ElasticSearch/Kibana:获取在比特定日期更新的条目中找不到的值 [英] ElasticSearch/Kibana: get values that are not found in entries more recent than a certain date

查看:98
本文介绍了ElasticSearch/Kibana:获取在比特定日期更新的条目中找不到的值的处理方法,对大家解决问题具有一定的参考价值,需要的朋友们下面随着小编来一起学习吧!

问题描述

我拥有大量设备,这些设备会定期(例如每10分钟发送一次)按以下格式进入ElasticSearch:

I have a fleet of devices that push to ElasticSearch at regular intervals (let's say every 10 minutes) entries of this form:

{
    "deviceId": "unique-device-id",
    "timestamp": 1586390031,
    "payload" : { various data }
}

我通常通过Kibana来查看数据,方法是过滤最后7天的数据,然后按设备ID或有效负载中的其他数据进行细分.

I usually look at this through Kibana by filtering for the last 7 days of data and then drilling down by device id or some other piece of data from the payload.

现在,我想通过查找在过去一小时内未报告任何内容的设备来了解这支车队的健康状况.我一直在搞各种各样的过滤器和可视化,而我得到的最接近的是一个数据表,其中包含设备ID和每个条目的最后一个条目的时间戳,并按时间戳排序.这很有用,但由于我有数千台设备,因此很难使用.

Now I'm trying to get a sense of the health of this fleet by finding devices that haven't reported anything in the last hour let's say. I've been messing around with all sorts of filters and visualisations and the closest I got to this is a data table with device ids and the timestamp of the last entry for each, sorted by timestamp. This is useful but is somewhat hard to work with as I have a few thousand devices.

我梦dream以求的是让上述表格仅包含最近一小时未报告的设备ID,或者仅获取两个数字:过去7天所看到的不同设备ID的总数以及过去一小时内未显示的设备ID总数.

What I dream of is getting either the above mentioned table to contain only the device ids that have not reported in the last hour, or getting only two numbers: the total count of distinct device ids seen in the last 7 days and the total count of device ids not seen in the last hour.

如果其中任何一种可能,您能指出正确的方向吗?

Can you point me in the right direction, if any one of these is even possible?

推荐答案

我将跳过表格,采用第二种方法-仅获取计数.我认为有可能从计数倒退到行中.

I'll skip the table and take the second approach -- only getting the counts. I think it's possible to walk your way backwards to the rows from the counts.

注意:我将使用人类可读的时间格式而不是时间戳,但是 epoch_seconds 在您的实际用例中也可以正常工作.此外,我添加了 comment 字段,为每个文档提供了一些背景信息.

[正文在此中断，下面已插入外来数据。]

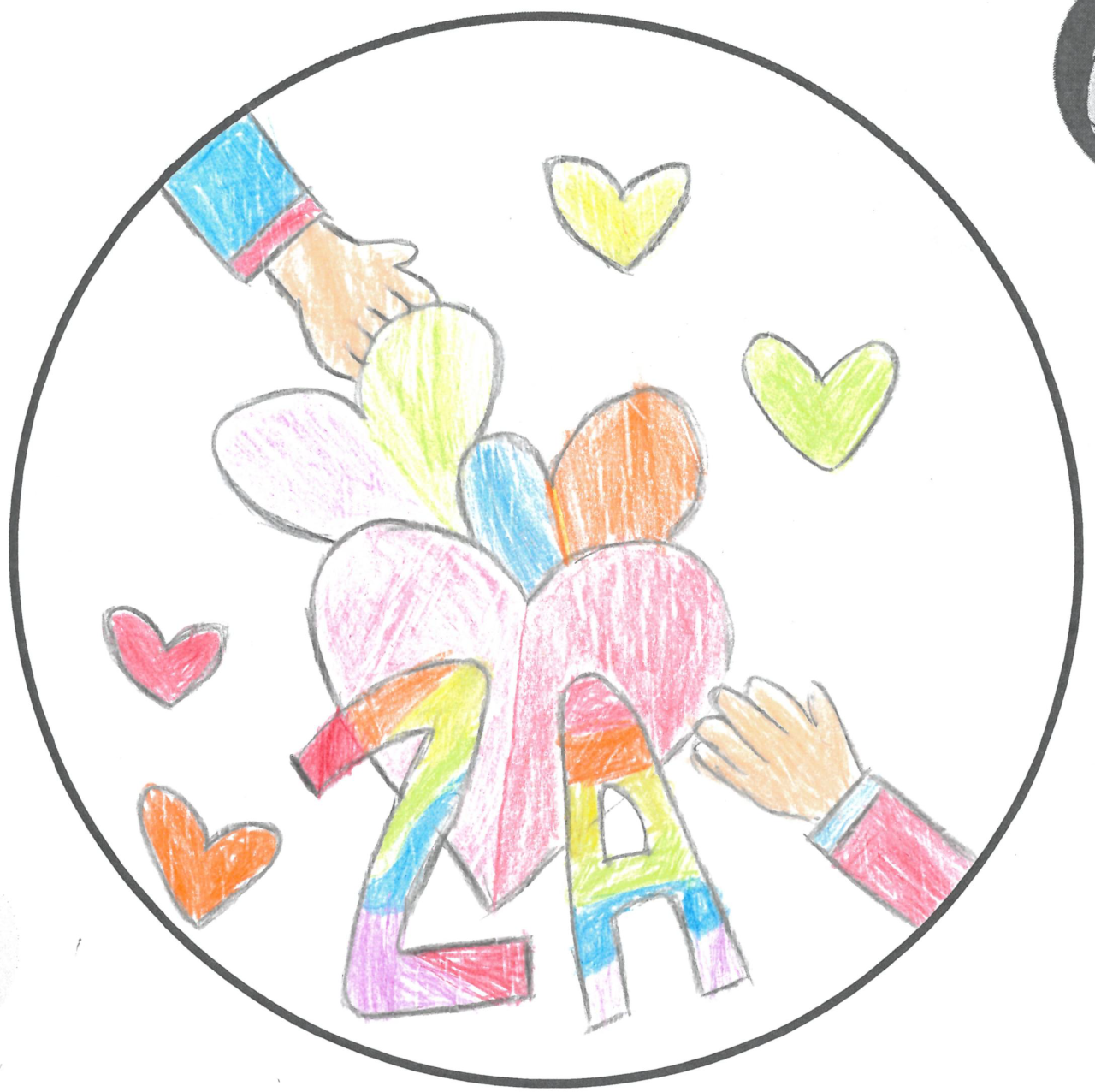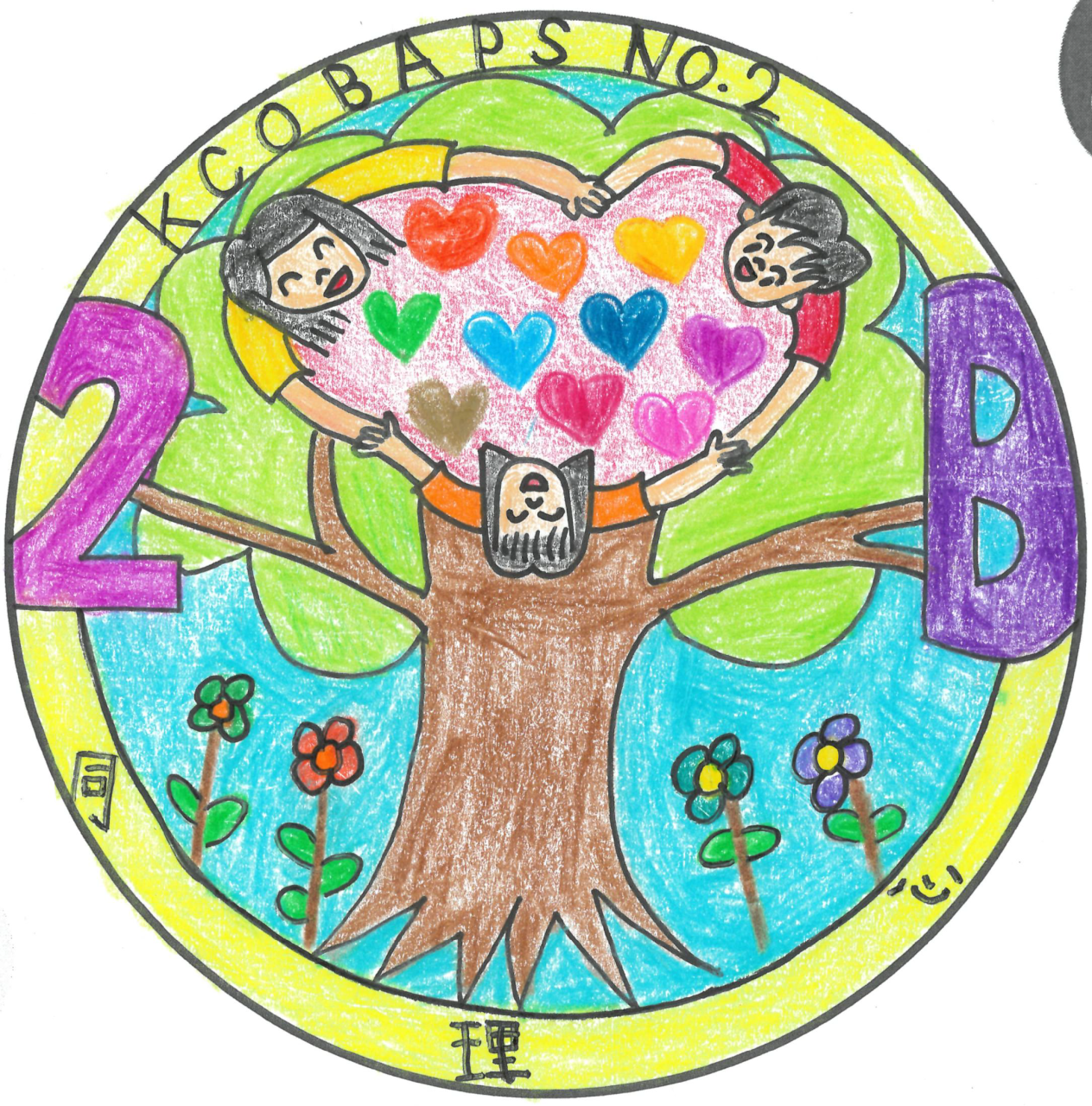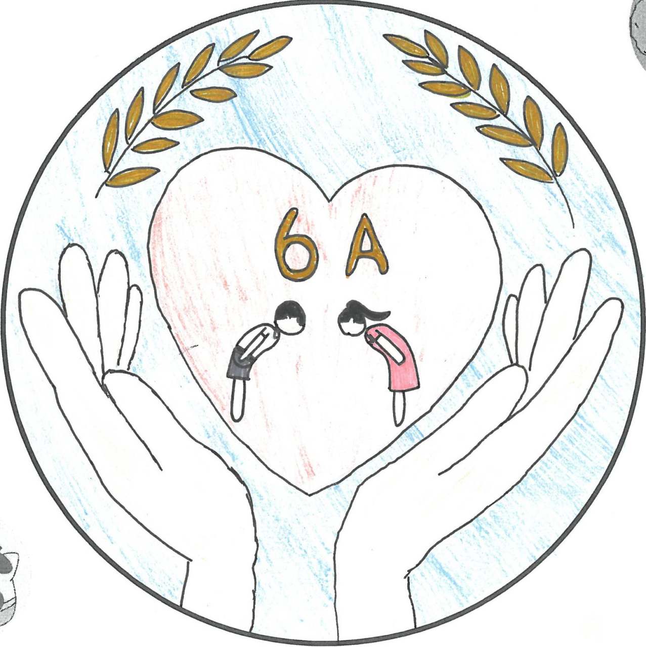 雙手拿着一顆心,心形裏有「6A」和英二學生互相鞠躬(象徵尊重)。心形上方兩側有橄欖枝(象徵包容),主色是藍色、紅色和金色(象徵信任、同理心和溫暖)。

Note: I'll be using a human readable time format instead of timestamps but epoch_seconds will work just as fine in your real use case. Also, I've added the comment field to give each doc some background.

首先,设置您的索引:

PUT fleet
{
  "mappings": {
    "properties": {
      "timestamp": {
        "type": "date",
        "format": "epoch_second||yyyy-MM-dd HH:mm:ss"
      },
      "comment": {
        "type": "text"
      },
      "deviceId": {
        "type": "text",
        "fields": {
          "keyword": {
            "type": "keyword"
          }
        }
      }
    }
  }
}

同步一些文档-我在UTC + 2中,所以我选择了这些时间戳:

Sync a few docs -- I'm in UTC+2 so I chose these timestamps:

POST fleet/_doc
{
  "deviceId": "asdjhfa343",
  "timestamp": "2020-04-05 10:00:00",
  "comment": "in the last week"
}

POST fleet/_doc
{
  "deviceId": "asdjhfa343",
  "timestamp": "2020-04-10 13:05:00",
  "comment": "#asdjhfa343 in the last hour"
}

POST fleet/_doc
{
  "deviceId": "asdjhfa343",
  "timestamp": "2020-04-10 12:05:00",
  "comment": "#asdjhfa343 in the 2 hours"
}

POST fleet/_doc
{
  "deviceId": "asdjhfa343sdas",
  "timestamp": "2020-04-07 09:00:00",
  "comment": "in the last week"
}

POST fleet/_doc
{
  "deviceId": "asdjhfa343sdas",
  "timestamp": "2020-04-10 12:35:00",
  "comment": "in last 2hrs"
}

总共有以下条件的5个文档和2个不同的设备ID

In total, we've got 5 docs and 2 distinct device ids w/ the following conditions

  1. 过去7天都出现了
  2. 两者都在最近2小时内
  3. 最后一个小时里只有一个

所以我有兴趣精确地找到1个 deviceId ,它出现在最近2小时但不是最近1小时.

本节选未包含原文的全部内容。